Wird zugunsten des Kl. unterstellt, die Bekl. habe abweichend von der ausdrücklich mit 5,76 m bezeichneten Höhe des Walmdaches außerhalb der Abstandsfläche zum Grundstück des Kl. tatsächlich eine Höhe von bis zu ca. 7,00 m genehmigt, ist die Baugenehmigung gleichwohl nicht rechtswidrig. Denn gemäß § 7 b II 2 NBauO bleiben Giebeldreiecke, soweit sie, waagerecht gemessen, weniger als 6 m breit sind, bei der Bemessung des Grenzabstandes eines Gebäudes außer Betracht. Zwar weist das hier streitbefangene und zum Grundstück des Kl. ausgerichtete Walmdach keinen Giebel auf, jedoch gilt die Vorschrift gemäß § 7 b II 3 NBauO für andere Giebelformen entsprechend.

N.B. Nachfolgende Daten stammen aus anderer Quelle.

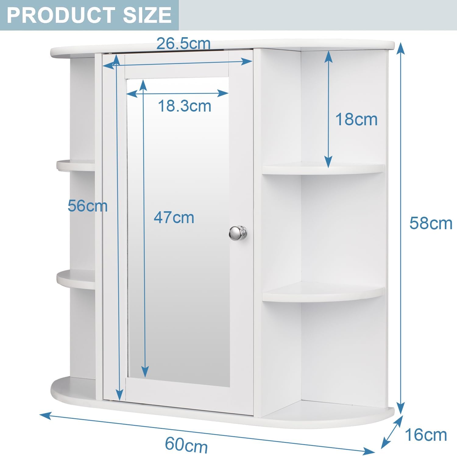 - ✅[Schrank mit viel Stauraum]: Der kleine Schrank misst 60x58x16 cm und hat 3 Einlegeböden (14x18 cm) auf jeder Seite und 3 hinter der Spiegeltür (Höhen: 20; 11; 21 cm). Grosser Stauraum kann so viele Badeutensilien wie möglich aufbewahren
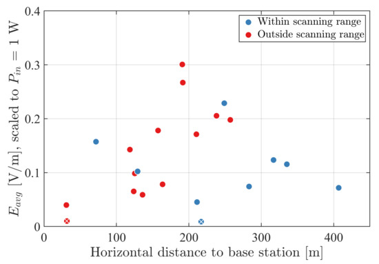 Average electric-field strength , measured during 100% downlink traffic directed towards the user equipment (UE), normalized to an antenna input power of 1 W, as a function of the horizontal distance to the NR base station. The locations were grouped by their relative position to the NR base station: within (blue dots) or outside its scanning range (red dots). Markers with a white X depict positions in non-line-of-sight.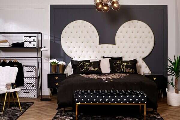 למעריצי מיקי מאוס, הכניסה לחנות מזמנת חוויה ייחודית שכוללת שער מוזהב עם הסמל האייקוני של מיקי. החנות מחולקת בצורה שמאפשרת שיטוט חופשי עם תצוגת הום סטיילינג מושקעת, המדמה חדר שינה למבוגרים עם שידות וכורסה בצד, וחלוק שמונח מעל. בצד השני יש מנורות צד ותאורת קיר וגם שטיחים קטנים ליד המיטה.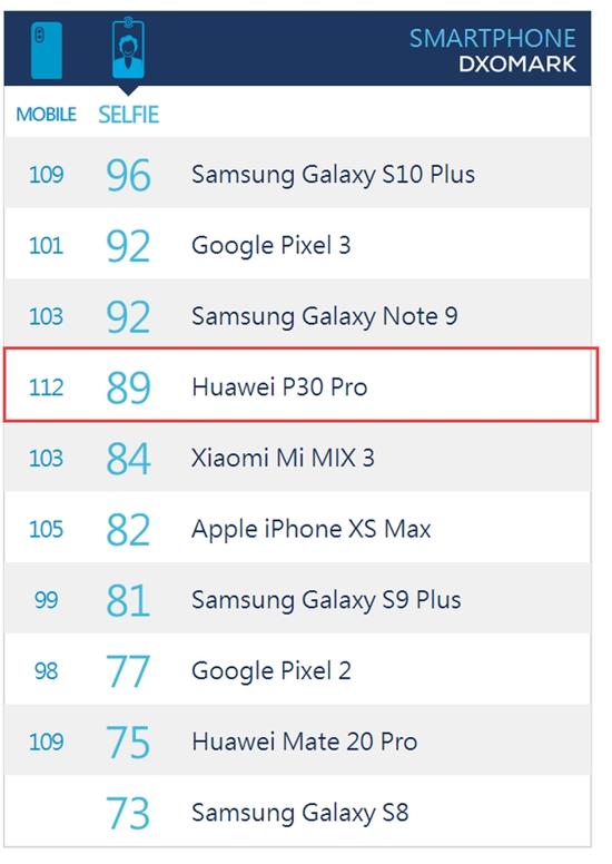 在DxOMark排行榜上,华为P30 Pro前置相机排名位列第四名,这是迄今为止前置相机表现最优秀的国产手机。

Im Schrifttum wurde diese in § 7 b II 2 NBauO geregelte Vergünstigung bereits in der Vergangenheit vereinzelt auch auf Walmdächer entsprechend angewandt. Begründet wurde diese Auffassung mit der Erwägung, dass Nachbarn durch die geneigten Dachflächen weniger belastet werden als durch entsprechend große Giebeldreiecke (Barth/Müller, Abstandsvorschriften der NBauO, § 7 b Rdnr. 27; s. auch die Abb. 13 auf S. 52). Die frühere 1. Kammer Hildesheim des VG Hannover hatte in ihrem Beschluss vom 3.9.1997 im vorläufigen Rechtsschutzverfahren in dieser Sache noch ausgeführt, dass die Einrechnung eines fiktiven Giebeldreieckes in das vorhandene Gebäude bei summarischer Überprüfung nicht zulässig sein dürfte (1 B 1087/97. Hi, Beschlussabdruck S. 6). Nunmehr führen jedoch auch Große-Suchsdorf u.a. in der 7. Auflage ihres Kommentars zur NBauO aus, dass dem Wortlaut nach die Vergünstigung des § 7 b II 2 und 3 NBauO zwar nicht für Dächer vorgesehen sind. Gleichwohl bestünden keine Bedenken, die Regelung auch auf sehr steile giebelähnliche Dachformen wie Walmdächer anzuwenden (Große-Suchsdorf u.a., aaO, § 7 b Rdnr. 37; s. auch die Abb. 14 auf S. 201). Die Kammer folgt der damit herrschenden Auffassung im Schrifttum und wendet die Vergünstigung des § 7 b II 2 NBauO über S. 3 der Vorschrift auch auf das ca. 41( steile Walmdach über der streitbefangenen Grenzgarage entsprechend an.
Danach bleibt ein Giebeldreieck von bis zu 6 m Breite bei der Berechnung des Grenzabstandes zum Grundstück des Kl. außer Betracht. Dies führt dazu, dass die zu berücksichtigende Höhe des Walmdaches - gemessen in einem Abstand von 3 m zur Grenze mit dem Grundstück des Kl. - jedenfalls die Höhe von 6 m deutlich unterschreitet und unter Berücksichtigung des Schmalseitenprivilegs der Grenzabstand von 3 m eingehalten wird.